The goals of the optimization of Sedna's joint inference and federated learning controllers optimization are to:

  1. Implement cascade deletion for joint inference and federated learning controllers to ensure that task instances and service configurations are synchronously deleted when the tasks are removed, preventing conflicts in subsequent task creation.
  2. Enhance the self-healing capabilities of joint inference and federated learning tasks to ensure that task instances are automatically rebuilt and resume normal operation after failure or manual deletion.
  3. Modify the Joint Inference and Federated Learning CRD to enable automatic updates of pod configurations.

Proposal

Scope

The optimization of the Sedna Joint Inference and Federated Learning controllers only modifies the Joint Inference and Federated Learning controller code. The controllers are decoupled from each other, and the functions that were changed have been updated in the affected controllers as well. Since no changes were made to the CRD, the deployment of existing applications will not be impacted.

The main changes are in the files /pkg/globalmanager/controllers/jointinference/jointinferenceservice.go and /pkg/globalmanager/controllers/federatedlearning/federatedlearningjob.go.

Additionally, in the file /pkg/globalmanager/runtime/worker.go, to meet the need for creating a deployment in joint inference, we modified the CreateDeploymentWithTemplate function and the injectDeploymentParam.
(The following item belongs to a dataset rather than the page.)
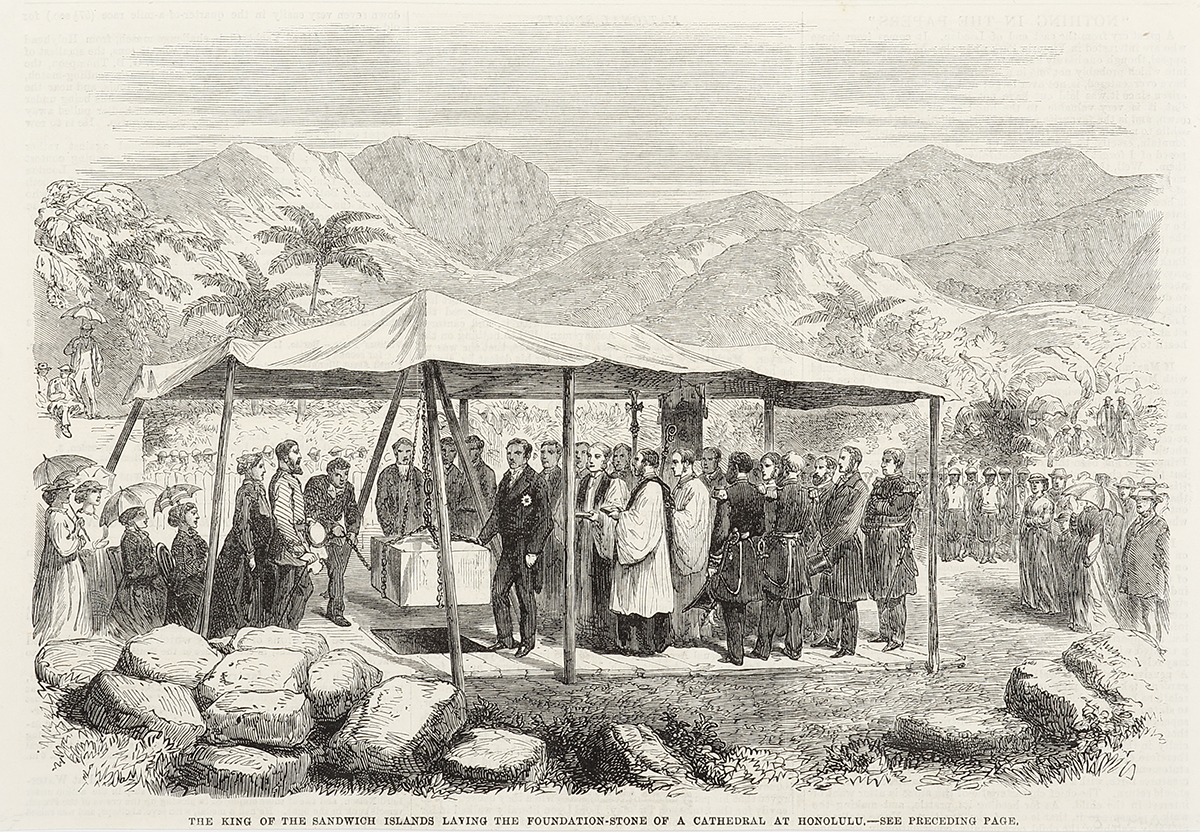 c.19th scene of the King of the Sandwich Islands laying the foundation-stone of a Cathedral at Honolulu.

The necessary updates were also made in the files/pkg/globalmanager/controllers/objectsearch/objectsearchservice.go and /pkg/globalmanager/controllers/featureextraction/featureextractionservice.go where these functions are used. We also added a new function, UpdateDeploymentWithTemplate, to handle deployment updates.

The test files are /pkg/globalmanager/controllers/jointinference/jointinferenceservice_test.go and /pkg/globalmanager/controllers/federatedlearning/federatedlearningjob_test.go.

The test files introduced the fake package, which brought in some additional dependency code, increasing the pull request size.

Content

This project focuses on optimizing the logic of joint inference and federated learning task controllers, with no impact on other modules.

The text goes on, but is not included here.